Although Virginia’s CDPA has similarities to both the GDPR and CCPA, it also has important differences. Like the CCPA, the Virginia law will allow consumers to opt out of the sale of their personal data (defined as “any information that is linked or reasonably linkable to an identified or identifiable natural person”), receive a copy of their online data, amend or delete the data pertaining to them, and provide portability rights. Unlike the CCPA, however, consumers will not be permitted to opt out of the sharing of their personal data where the personal data is shared but no money is exchanged. More importantly for workplace law purposes, employment data falls outside of the scope of the current Virginia legislation.

Similar to concepts found in the GDPR, data controllers following Virginia’s law must limit the collection of personal data to that which is relevant, adequate, and reasonably necessary to the purpose for which the data is processed under the current version of the CDPA. Data controllers will also be required to maintain reasonable security practices to protect the data under their control. The processing of sensitive data will require consumer consent, which is defined as a “clear affirmative act signifying a consumer’s freely given, specific, informed, and unambiguous agreement” to process their data. The CDPA will also require that notice be given to consumers to clearly disclose the categories of personal data collected, the purpose for the collection, the categories of data shared with third parties, and the means by which consumers can exercise their rights under the CDPA. The bill also requires that affected businesses perform data protection assessments, which could be requested by the Virginia Attorney General at any time, and requires that there must be data processing agreements in place between data controllers and processors.

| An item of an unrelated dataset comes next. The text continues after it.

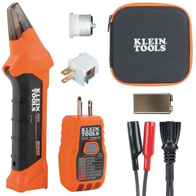 The Circuit Breaker Finder Kit includes components for various 90-120V AC circuit diagnostics. The receiver locates the correct breaker for outlets or fixtures, and the transmitter can connect to other fixtures using the included accessories. Use the transmitter with the alligator clip adapter for bare wires and the light socket adapter to locate the correct circuits. The transmitter also tests GFCI outlets. Components are stored in a premium carrying case with a foam insert for organization.

Another positive for the business community: while the Virginia attorney general’s office would be responsible for enforcement, there is currently no private right of action that would otherwise create a minefield of potential court actions.  This is controversial, however, and could be subject to amendment before 2023.

In preparation, affected businesses will want to be sure to understand the consumer data they currently process and store to ensure that no more data is collected than necessary, and current security practices protecting that data should be reviewed and updated if necessary.  Businesses will also need to begin reviewing their agreements with data processing vendors.  To the extent an affected business does not have such agreements in place, it is a good idea to begin putting formal agreements in place.  Affected businesses will also want to consider how to manage consumers’ requests regarding their personal data, as well as how sensitive data consent will be collected. 


Fisher Phillips will continue to monitor the progress of the CDPA, which is awaiting reconciliation and then will be sent to Governor Northam for signature, likely sometime this month.  The Governor is expected to sign the bill, which had broad bipartisan support.

DISCLAIMER: Because of the generality of this update, the information provided herein may not be applicable in all situations and should not be acted upon without specific legal advice based on particular situations.